I’m not a lawyer. I suppose if I was, my opinion on the Second Amendment would be constrained by whatever dumb decisions the Supreme Court has made. It has taken me a long time to understand that the Second Amendment has never actually applied to me personally. That’s because I have never served in any state’s National Guard.
I do have some experience with a rifle, and a couple of days of training with a machine gun. But that was neither allowed nor disallowed by the Second Amendment. To honestly be an originalist, one has to actually read the whole amendment and try to understand it as people understood it when it was ratified, without putting it through the filter of modern grammar, and certainly without trying to nudge the conclusion to a predetermined outcome.

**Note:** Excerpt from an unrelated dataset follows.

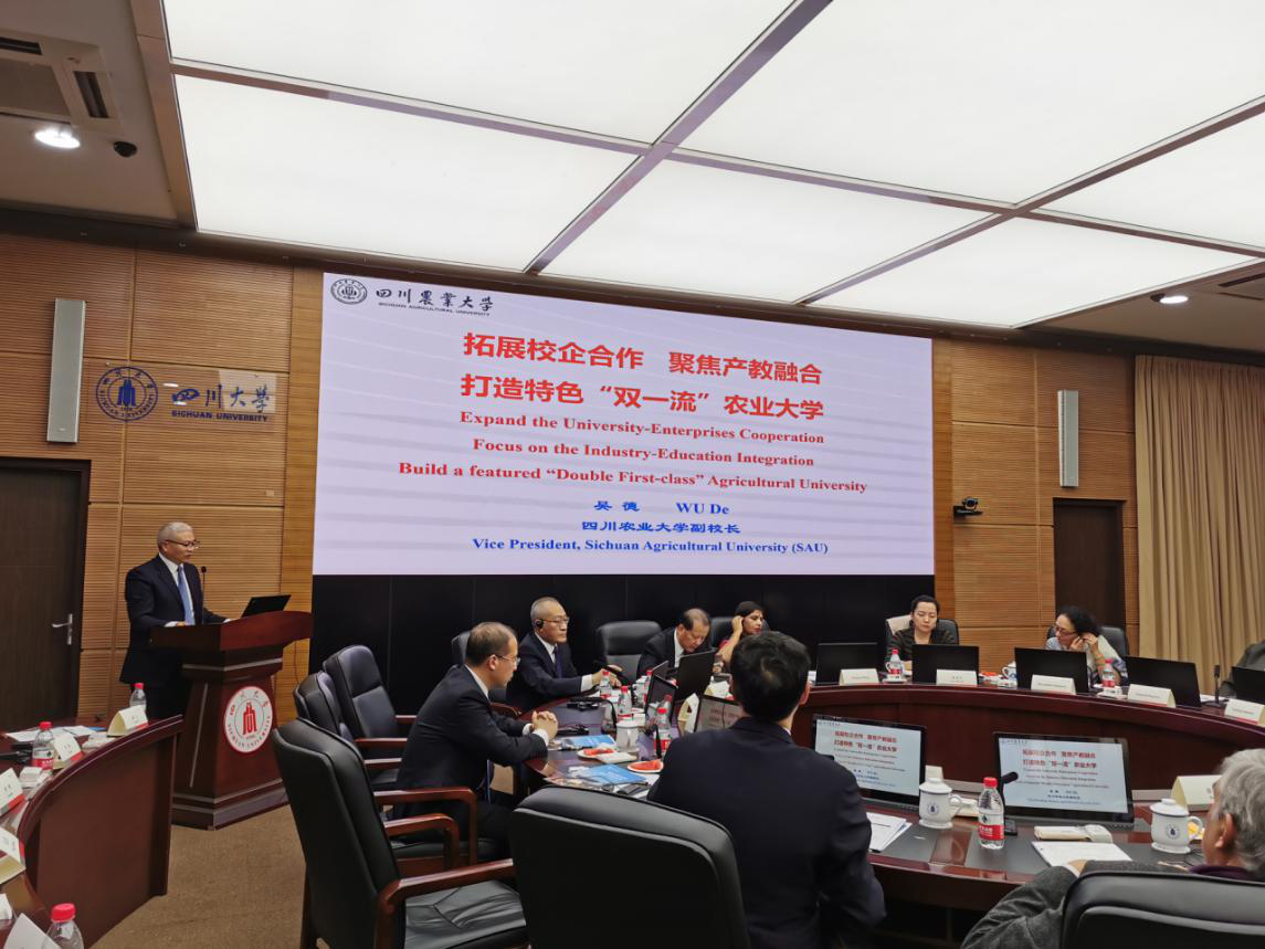与会代表围绕“加强高校合作,促进民心相通”主题展开深入交流和探讨。吴德应邀作了题为“拓展校企合作,聚焦产教融合,打造特色“双一流”农业大学”的发言,介绍了我校国际合作以及学科发展状况,重点推介了产教融合特色模式,倡议在中印领导人最近的非正式会晤的良好交流背景下,以明年中印建交70周年为契机,开展更广领域、更深层次的人文交流,立足川印农业科研学术领域的合作需求与前景,深化学科交叉、促进学术交流与对话,增进中印大学之间的合作。吴德的发言得到与会参会大学校长的普遍认同。

A well regulated Militia, being necessary to the security of a free State, the right of the people to keep and bear Arms, shall not be infringed.
We can certainly engage in mental gymnastics to arrive at the conclusion that the first clause, “A well regulated … a free State,” is grammatically independent of the second clause, “the right of … shall not be infringed.” Consider this alternative version:
Rainbows are beautiful to look at. The right of the people to keep and bear Arms, shall not be infringed.
I already hear the objection. The two clauses are decidedly independent of each other, but the first clause is irrelevant. But if you’re going to argue that the first clause of the Second Amendment does not grammatically modify the second clause, then we should be able to delete the first clause, or maybe make it its own amendment, like so:
Because a well regulated Militia is necessary to the security of a free State, each State may have a militia.
If the Founding Fathers had thought to separate out a state’s right to have a militia to its own amendment, it would have been much clearer that the right to a militia is a right exercised by a state and the right to keep and bear arms is a right exercised by a person.
Are you buying this? Even if you are, the second clause is still problematic for deriving an unrestricted individual right to guns. “The right of a person to keep and bear–,” wait, it doesn’t actually say “of a person,” it says “of the people,” which is plural.
The people may still decide that certain persons (such as, for example, the partially blind) may not own nor use guns. The people may also decide that those who are allowed to have guns should have weapons appropriate for a declared purpose. So a duck hunter doesn’t need a Ruger SR22, just as you wouldn't expect a Secret Service agents to trade his SIG Sauer for a Remington Sendero SF II.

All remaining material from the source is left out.